The end time precedes that actual click
by a fraction of a second.
* Next to the record button are **left nudge**
and **right nudge** buttons that adjust the end time by about half
a second. They replay the last half-second of the adjusted clip.
* A **new-paragraph checkbox.** If it is checked, this clip
introduces a new translation unit in the text.
* The **text box**. One enters transcription text and
saves it by pressing enter. One may cancel by pressing escape.
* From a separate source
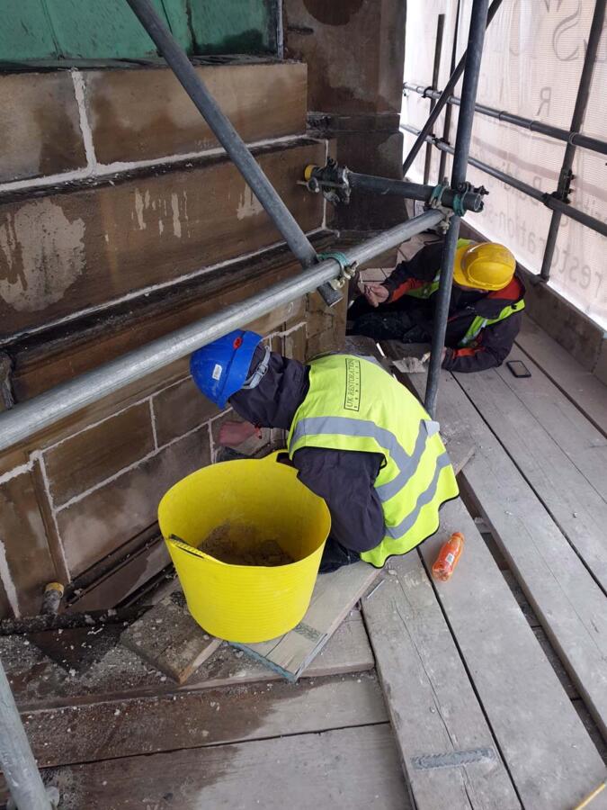 The clock tower had previously been pointed with a cement based mortar which had failed, causing stone deterioration and water ingress through the stonework. Our team of stone masons removed any remaining cement based mortar and flushed all the joints with clean water. The stone work was then grouted using a free flowing lime Mortar. Clay is used to close the joints of the stonework, allowing the mortar to flow into the gaps. Once the clock tower was fully grouted, our team then applied a lime based pointing to the exterior. Lime based mortars are porous and allow moisture to escape easily though the joints as apposed to through the stone.

If the new end position is earlier than the old end position, a new
empty clip is inserted to fill the gap. If the new end position is
later than the old one, any following clips that are completely
covered are deleted, and their texts are appended to the current
clip's text. A following clip that is only partially covered
has its start position adjusted. Apart from these automatic
insertions and deletions, the interface provides no facility for
changing the number of clips.
Nudging is not problematic.
Nudging simultaneously alters the end time of the nudged clip and the start time
of the following clip (if any).
A left nudge is not allowed if it would make the clip shorter than a
fixed minimum length, and a right nudge is disallowed if it would make
the following clip too short.
Since no facility is provided to add new clips, there is always an
empty "sentinel" clip at the end of the table that covers the
untranscribed remainder of the recording. (The sentinel clip is not
included in the file on disk, only in the interface.)
If the final "true" clip ends at the end of the recording, there is no
need for the sentinel, but the standard Python library does not
provide the ability to extract
data (including duration) from movie files. Rather than linking to an
external library or attempting to parse movie files directly, we
always include the sentinel. If it is unneeded, it does no harm.
If the start index is greater than zero, the **previous button** is
activated. It links to edit.*i-n/2*.
If the end index is less than the transcript length plus one, the
**next button** is activated. It links to edit.*i+n/2*.